Le propre García a participé aux commentaires et a demandé : « Qu'est-ce qu'AICA ? », lorsque qu'une internaute l'a informé que l'Ondasétron est fabriqué dans les laboratoires pharmaceutiques cubains AICA, basés à La Havane.

Parmi les messages de soutien, on a également lu des réflexions sur la situation sanitaire du pays. "Que serait ce peuple sans son peuple ?", a écrit une utilisatrice, en référence à la chaîne de solidarité qui s'est activée après l'appel de l'acteur.

Une crise prolongée

Le cas met de nouveau en lumière le manque de médicaments essentiels à Cuba, qui a suscité d'innombrables appels à l'aide sur les réseaux sociaux. Il y a à peine quelques jours, une mère cubane a demandé de l'aide depuis l'hôpital pédiatrique de Banes pour obtenir du Valproate de sodium pour son fils épileptique, diagnostiqué avec le syndrome de Wells.

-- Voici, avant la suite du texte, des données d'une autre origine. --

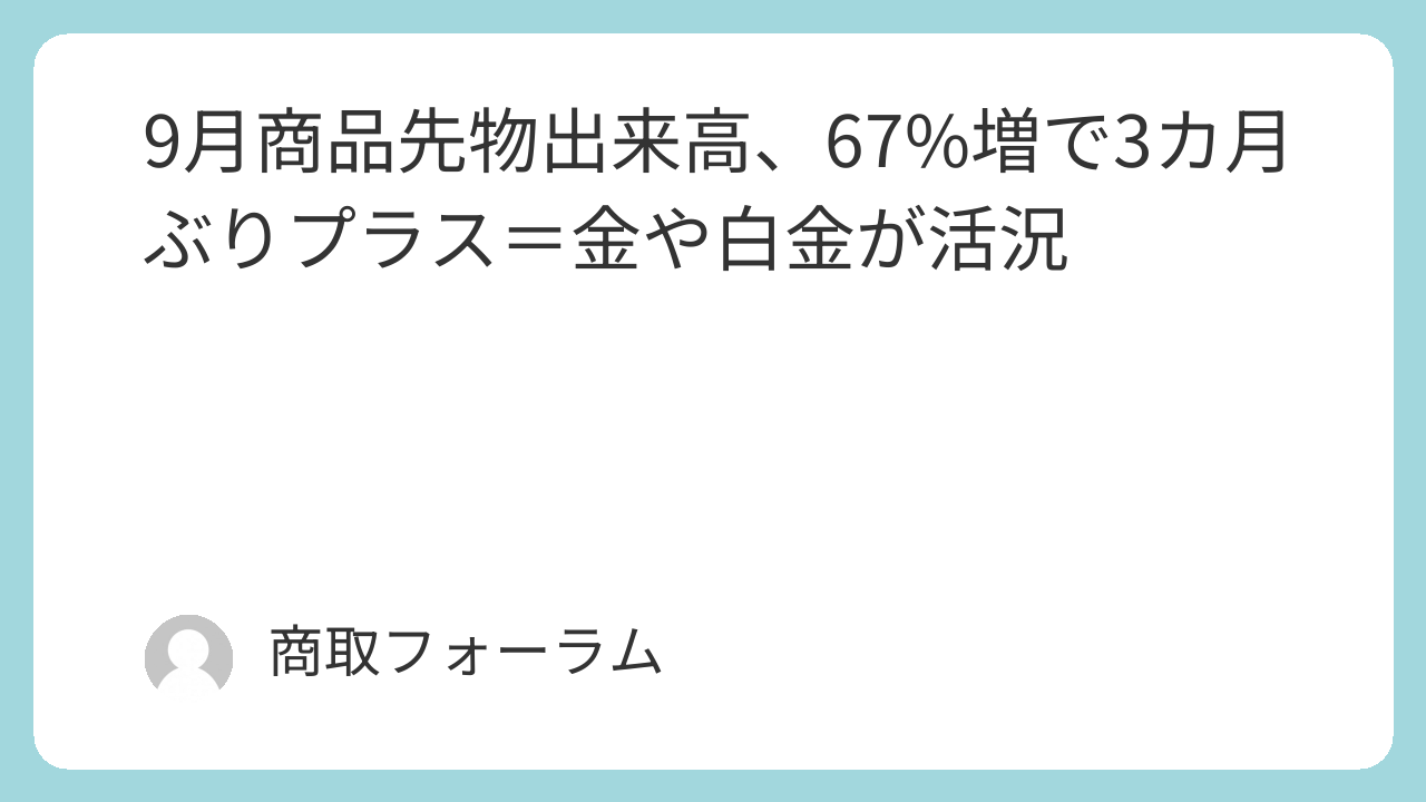 日本取引所グループなどが発表した9月の国内商品先物総出来高は、前月比66.9%増の179万6332枚となり、3カ月ぶりに増加した。前年同月比では36.4%増。一日平均出来高(立会日数20日)は8万9817枚だった。米国の金融・政治情勢への懸念から安全資産とされる貴金属に投資資金が流入し、市場全体をけん引した。

D'autres citoyens ont dû recourir à des remèdes naturels. Sur les réseaux sociaux, une jeune cubaine a montré comment elle prépare un décoction de feuilles de frutabomba pour soulager les symptômes du chikungunya, en raison de l'absence totale de médicaments dans les pharmacies et les hôpitaux.

L'autorité sanitaire elle-même a reconnu la précarité du système. Lors d'une récente apparition télévisée, le Ministère de la Santé Publique a recommandé de “couvrir le corps” comme mesure préventive face aux éclosions de dengue et de chikungunya, reflétant le manque de ressources et de fournitures de base dans le pays.

La demande de Luis Alberto García ne vise pas seulement à obtenir des médicaments, mais a également ravivé le débat sur la réalité sanitaire à laquelle font face les Cubains. Dans un pays où les hôpitaux manquent de fournitures et où les traitements dépendent souvent de la bonne volonté d'autres citoyens, chaque publication solidaire se transforme en un réseau d'espoir collectif.